Екатеринбург же возник лишь спустя столетие, и строили его, хотя и отнюдь не силами голландских поселенцев, но «на голландский манер», как того потребовал государь Петр Алексеевич, ставший еще со времени Великого посольства рьяным фанатом Амстердама. Таким образом, все три города связывает голландская пространственная матрица. К сожалению, Петр, так сильно полюбивший голландское пространство с его зримым порядком и удивительной чистотой, не понимал, что видимая сторона голландского ландшафта есть проекция матрицы социального уклада, раннебуржуазного городского быта с его множащимся разнообразием форм жизни. Волюнтаристское сознание Петра не интересовали ни социальное, ни смысловое наполнение голландской матрицы. Своим требованием строить Екатеринбург «на голландский манер» он проецировал в каменный уральский ландшафт лишь форму пространства, но не его дух.

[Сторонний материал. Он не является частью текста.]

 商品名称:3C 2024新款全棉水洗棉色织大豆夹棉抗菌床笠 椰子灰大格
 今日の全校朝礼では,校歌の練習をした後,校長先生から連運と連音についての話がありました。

А в результате, через века, мы видим как один, условно говоря, «генный материал» с разительными отличиями осуществился в двух исходно родственных, но в итоге таких разных городских организмах. И это, на мой взгляд, важное понимание. Поскольку глядя на Амстердам и на Манхэттен, мы можем живо ощутить скрытый, затертый временем генокод Екатеринбурга. Ощутить и попробовать-таки с ним работать.

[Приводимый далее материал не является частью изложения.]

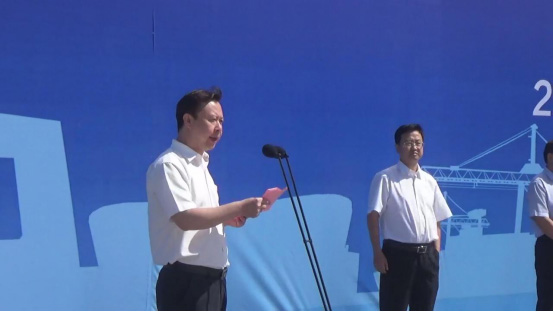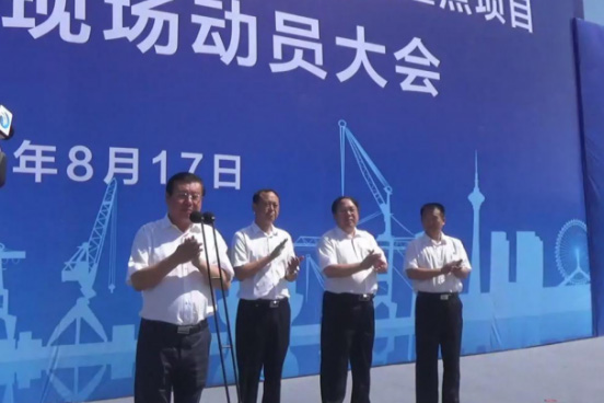 滄州市委常委,渤海新區(qū)黨工委書記、管委會主任張國棟宣布項(xiàng)目集中開竣工。
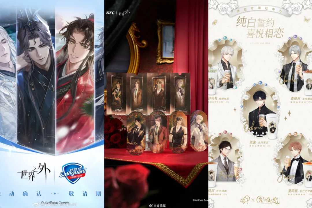 在乙遊聯名已經成為品牌營銷香餑餑的當下,網易的《世界之外》一天官宣八大品牌的聯名、《戀與製作人》開服至今聯名品牌多達幾十個,多款乙遊甚至是女性向遊戲的商業價值正在被逐漸挖掘,一些乙遊男主角人氣堪比明星。
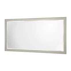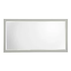 Finished in grey, the Gazette mirror features a beveled edged design framed with sturdy poplar. Clean lines and oversized dimensions will bring a distinctively dramatic and contemporary feel to the bathroom. This rectangular mirror is designed to mount horizontally, with brass mounting hardware conveniently attached for quick and easy hanging.
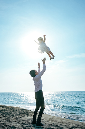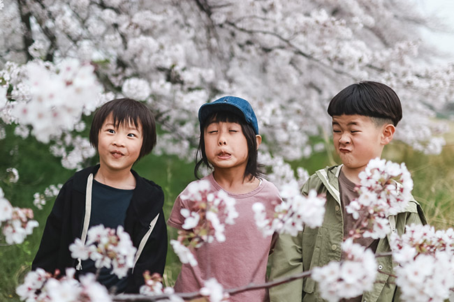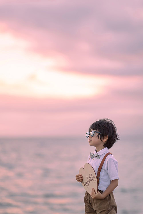 柔らかな夕陽が照らす男の子の表情がとても美しい一枚です。縦位置で撮影することで、夕陽のグラデーションが奥に広がり、男の子の目線の先に何が見えているのか想像を膨らませたくなります。とてもシンプルな構図ですが、そのシンプルさから「Happy Birthday」のプレートを持った、男の子の成長に目を向けたくなります。全体的にマゼンタをプラスにし、温かみのある柔らかなトーンで仕上げたことにより、男の子に対する撮影者の愛情が一枚の写真に込められているようです。
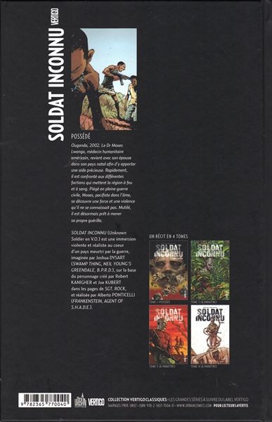 Ouganda, 2002. Le Dr Moses Lwanga, médecin humanitaire américain, revient avec son épouse dans son pays natal afin d’y apporter une aide précieuse. Rapidement, il est confronté aux différentes factions qui mettent la région à feu et à sang. Piégé en pleine guerre civile, Moses, pacifiste dans l’âme, se découvre une force et une violence qu’il ne se connaissait pas. Mutilé, il est désormais prêt à mener sa propre guérilla. (The Unknown Soldier #1-6)
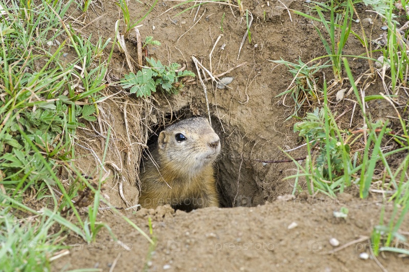 Любопытный лисица (Spermophilus undulatus) выглядит из норы Долина реки Чуя, Алтай
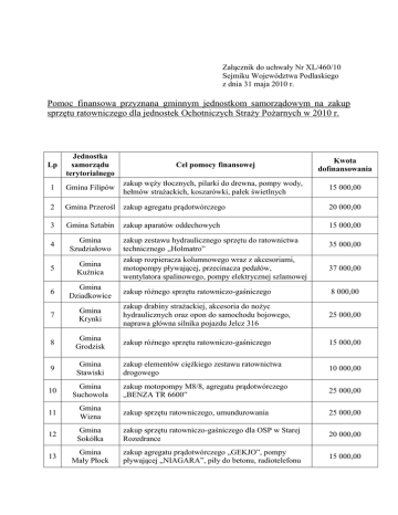 Załącznik do uchwały Nr XL/460/10 Sejmiku Województwa Podlaskiego z dnia 31 maja 2010 r. Pomoc finansowa przyznana gminnym jednostkom samorządowym na zakup sprzętu ratowniczego dla jednostek Ochotniczych Straży Pożarnych w 2010 r. Lp Jednostka samorządu terytorialnego 1 Gmina Filipów 2 Gmina Przerośl zakup agregatu prądotwórczego 3 Gmina Sztabin 4 Gmina Szudziałowo 5 Gmina Kuźnica 6 Gmina Dziadkowice 7 Gmina Krynki 8 Cel pomocy finansowej zakup węży tłocznych, pilarki do drewna, pompy wody, hełmów strażackich, koszarówki, pałek świetlnych zakup aparatów oddechowych zakup zestawu hydraulicznego sprzętu do ratownictwa technicznego „Holmatro” zakup rozpieracza kolumnowego wraz z akcesoriami, motopompy pływającej, przecinacza pedałów, wentylatora spalinowego, pompy elektrycznej szlamowej Kwota dofinansowania 15 000,00 20 000,00 15 000,00 35 000,00 37 000,00 zakup różnego sprzętu ratowniczo-gaśniczego 8 000,00 zakup drabiny strażackiej, akcesoria do nożyc hydraulicznych oraz opon do samochodu bojowego, naprawa główna silnika pojazdu Jelcz 316 25 000,00 Gmina Grodzisk zakup różnego sprzętu ratowniczo-gaśniczego 15 000,00 9 Gmina Stawiski zakup elementów ciężkiego zestawu ratownictwa drogowego 10 000,00 10 Gmina Suchowola zakup motopompy M8/8, agregatu prądotwórczego „BENZA TR 6600” 25 000,00 11 Gmina Wizna zakup sprzętu ratowniczego, umundurowania 25 000,00 12 Gmina Sokółka zakup sprzętu ratowniczo-gaśniczego dla OSP w Starej Rozedrance 20 000,00 13 Gmina Mały Płock zakup agregatu prądotwórczego „GEKJO”, pompy pływającej „NIAGARA”, piły do betonu, radiotelefonu 15 000,00 14 Gmina Łomża 15 Gmina Wasilków 16 17 Gmina Augustów Gmina Nowy Dwór 18 Gmina Lipsk 19 Gmina Czyże 20 21 22 23 Gmina Dubicze Cerkiewne Gmina Rutki Gmina Hajnówka Gmina Klukowo zakup poduszek wysokociśnieniowych dla OSP w Kanarzycach zakup ubrań bojowych NOMEX, hełmów strażackich PH-5, rękawic strażackich, torby ratownictwa przedmedycznego, deski ortopedycznej, agregatu prądotwórczego 4-5 kVA, motopompy poszlakowej oraz masztu oświetleniowego dla OSP w Dąbrówkach i Studzienkach zakup sprzętu ratownictwa wodnego dla OSP AugustówLipowiec zakup m.in. drabiny dwuprzęsłowej, syreny ręcznej, piły spalinowej STIHL MS 361 zakup narzędzi hydraulicznych, oznakowania oraz oświetlenia terenu akcji zakup agregatu prądotwórczego zakup sprzętu ratowniczo-gaśniczego dla OSP w Dubiczach Cerkiewnych zakup pompy spalinowej doposażenie jednostek OSP w sprzęt ratowniczogaśniczy zakup sprzętu ratowniczo-gaśniczego dla OSP w Wyszonkach Kościelnych Łącznie : 10 000,00 25 000,00 15 000,00 10 000,00 10 000,00 20 000,00 15 000,00 10 000,00 10 000,00 10 000,00 400 000,00

Да, и вы спросили про архитектурный антипод Екатеринбурга… По сути, таким антиподом можно считать любой город, пространство которого складывалось длительно, постепенно, естественным путем на протяжении многих веков. Таков практически любой европейский город, столетиями, подобно годовым кольцам дерева, концентрически разраставшийся вокруг начального ядра. В отличие от европейского исторического города, в основе которого, как правило, лежит средневековое архитектурное тело, Екатеринбург (при всей его почти трехсотлетней истории) – все же город «единомоментного» творения, город, созданный «по чертежу», то есть по плану. Пространство Екатеринбурга пронизано картезианством, оно молодо, регулярно, отвечает единым правилам устройства, а потому предсказуемо и легко познаваемо. Оно не требует обязательного эмпирического освоения, его достаточно просто один раз понять на основе ортогональной сетки городского плана и после, не сходя с места, лишь «простреливать» взглядом его перспективы. Попробуйте ограничить себя таким отношением с пространством, например, в Венеции, которая к тому же (помимо повсеместно ограниченной видимости) все время преподносит вам воду там, где по екатеринбургским континентальным понятиям должен быть камень...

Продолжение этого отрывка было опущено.